After weeks of remaining catherdrally silent, chief medical officer Prof Sir Chris Whitty and chief scientific adviser Sir Patrick Vallance emerged to stand beside the PM as he urged the public to be “considerate” to others if they test positive for Covid after restrictions end – assuming they can pay for the test, of course. 

In contrast to the PM’s buillsh tone, Whitty and Vallance sounded notes of caution, referring to high case rates and “significant problems” which could be caused by new variants. Their muted messages revealed the deeply unscientific nature of this announcement.

Just before parliamentary recess, the PM told the commons “we have to clear our Covid backlogs”. Yet here he was, ending restrictions a month early, at a time when there are over 11,000 in hospital for Covid and 300 in mechanical ventilator beds. 

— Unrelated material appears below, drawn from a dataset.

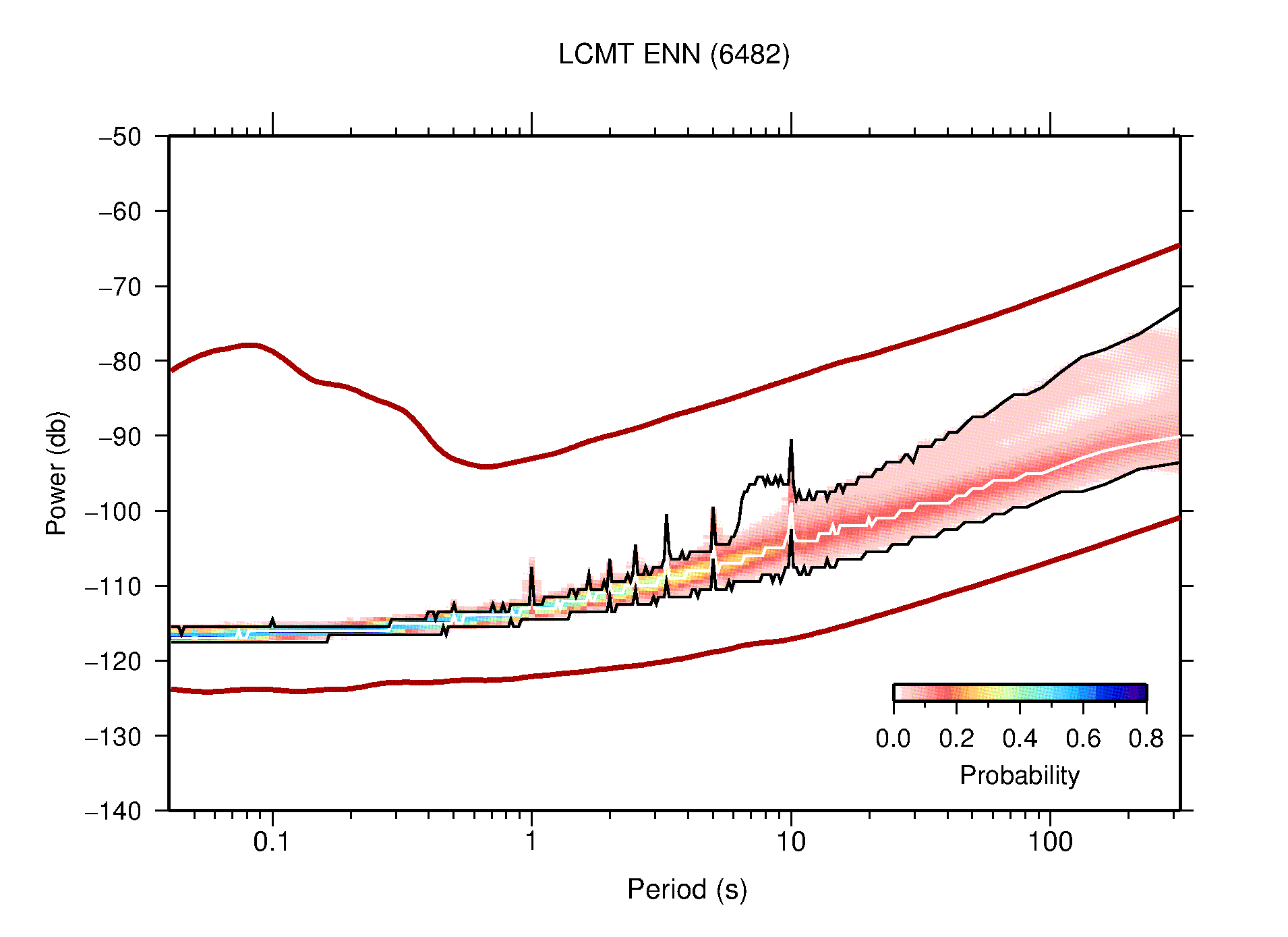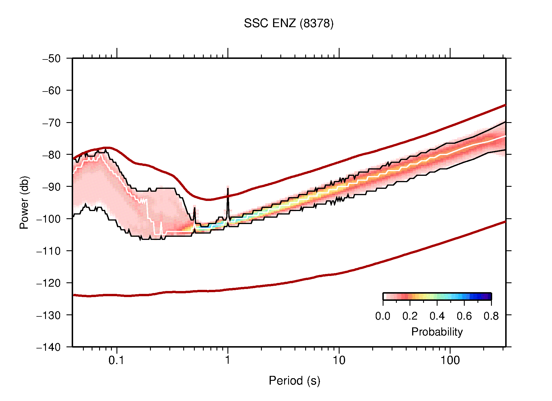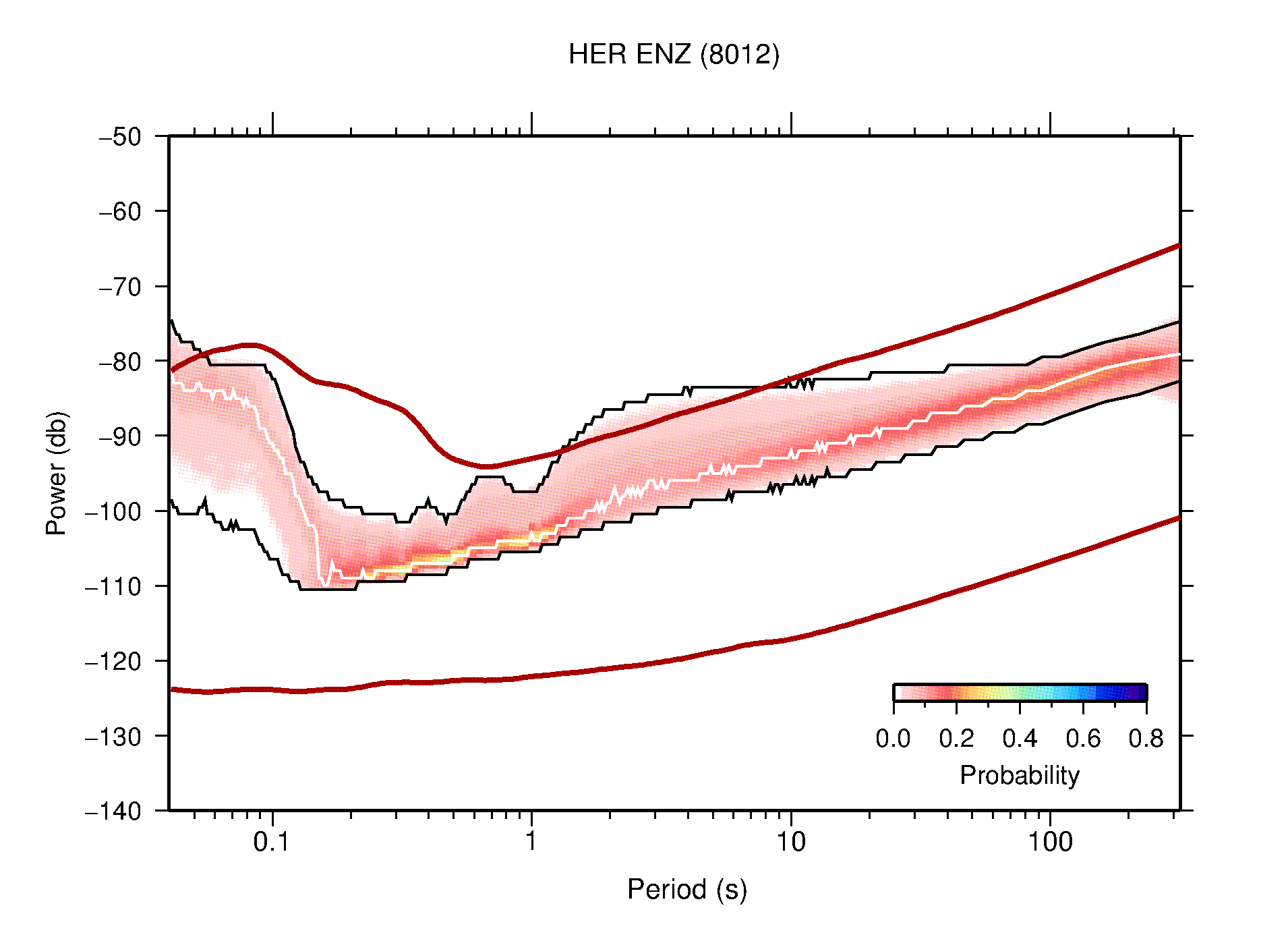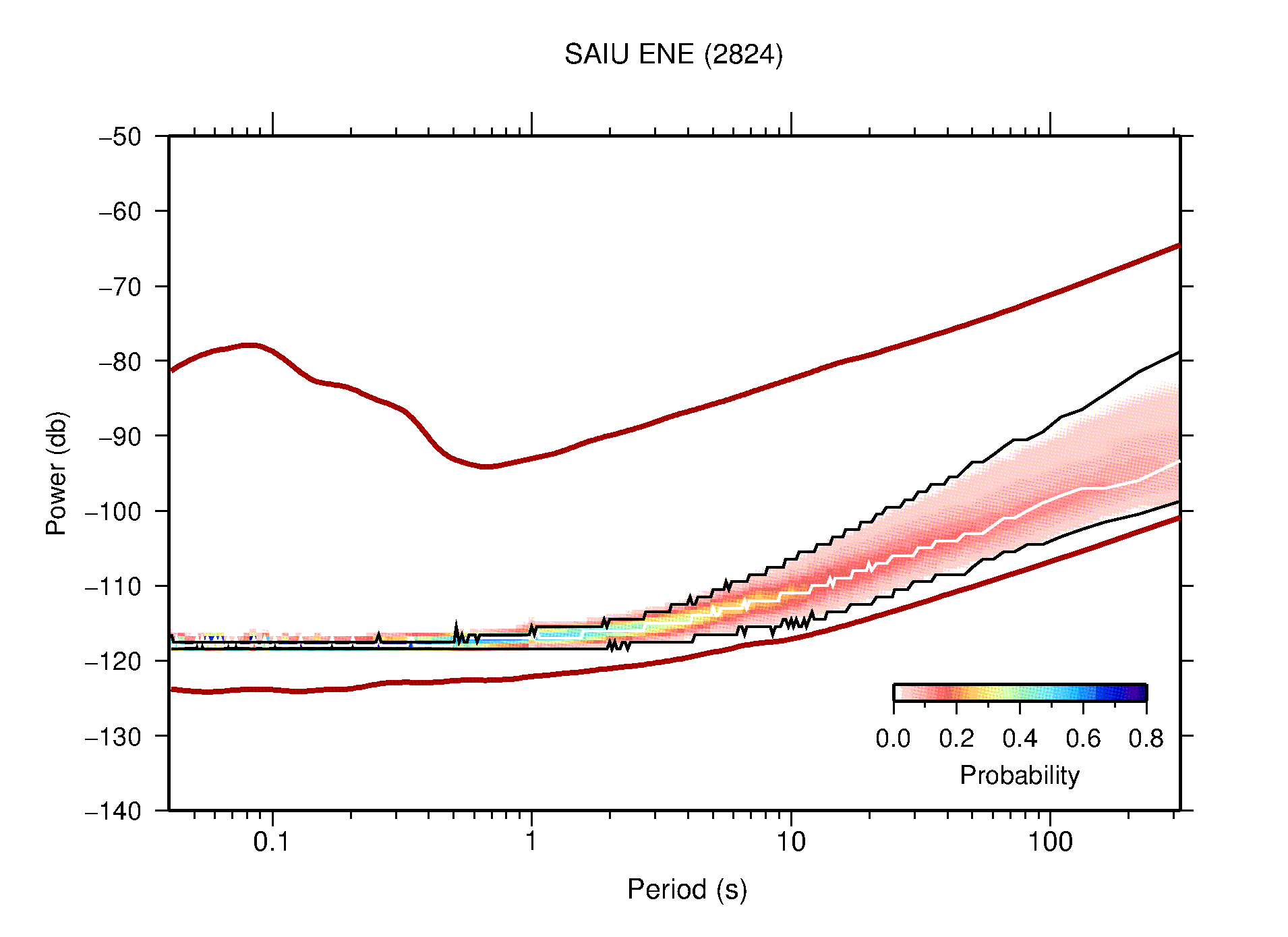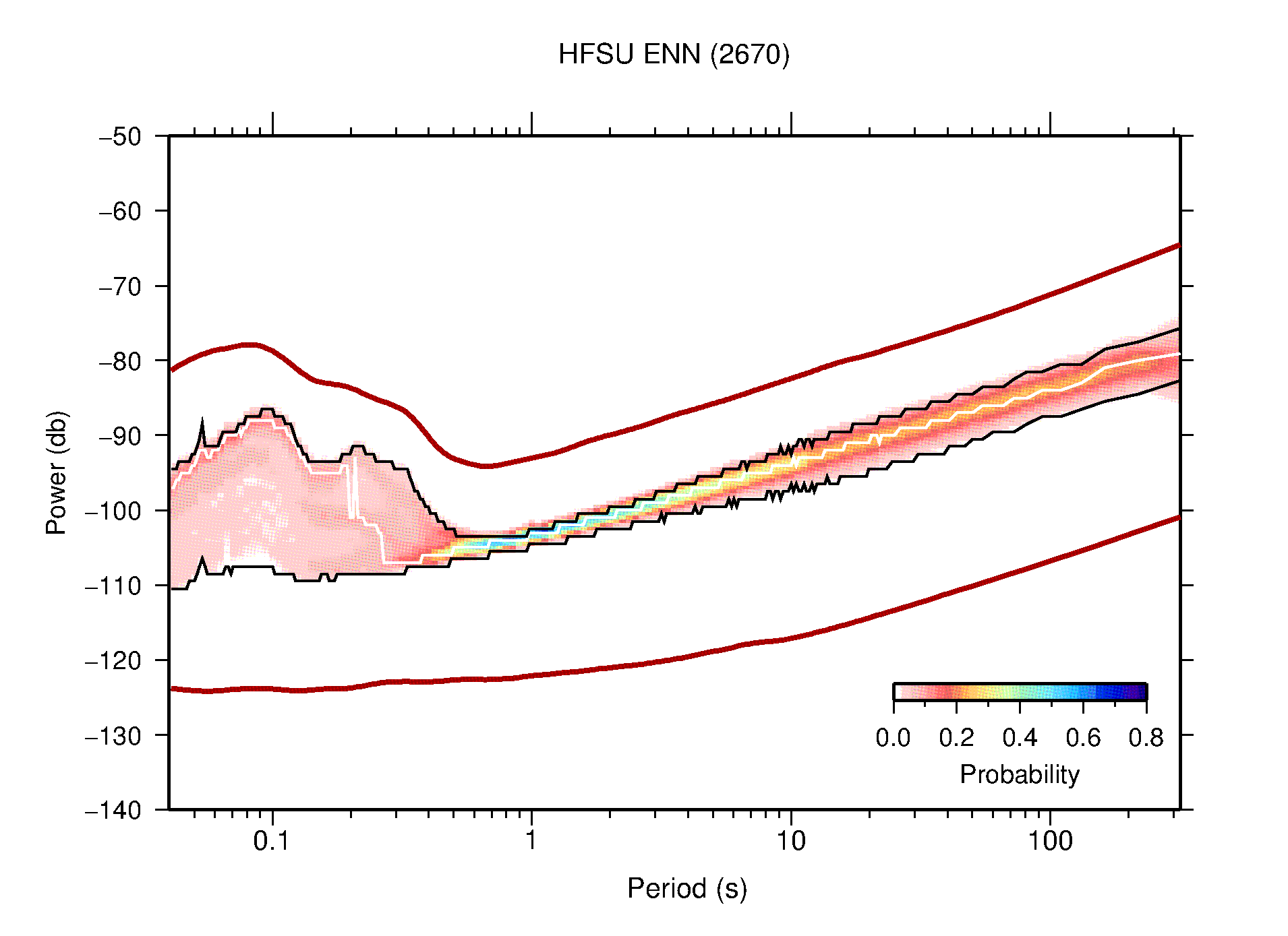 The following figures are full year PDFs for each of the 363 channels processed in this work. The same color scale is used thoughout. The black curves show 0.5 and 99.5 percentiles while the white curve shows the mode. The number of PSDs contributing to the PDF is shown in parentheses next to the station and channel names. The y-axes represent spectral acceleration amplitudes in units of db relative to 1 m/s2 [10log10(m2/s4/Hz)]. The five channels that were not included in the network PDF because of known problems were CCUT ENE,N,Z; HCSU ENE; and HER ENE.

A small positive note was the decision to retain the Office for National Statistics weekly Covid19 infection sampling survey – albeit scaled down. This survey is regarded as the “gold standard” because it has tracked the same households since June 2020: as such, it is not subject to variations in numbers of people self-testing. 

All of this matters to the NHS’s prospects. Because as the Ipsos MORI opinion polling work for Health Foundation pointed out, people have started paying attention to the state of the NHS: and they have started to expect that it will deteriorate further. 

Electorally, not only will this have consequences for the government, it is already having them: new polling for Redfield and Wilton found Labour in the lead across all principal public policy areas for the first time in a very long time.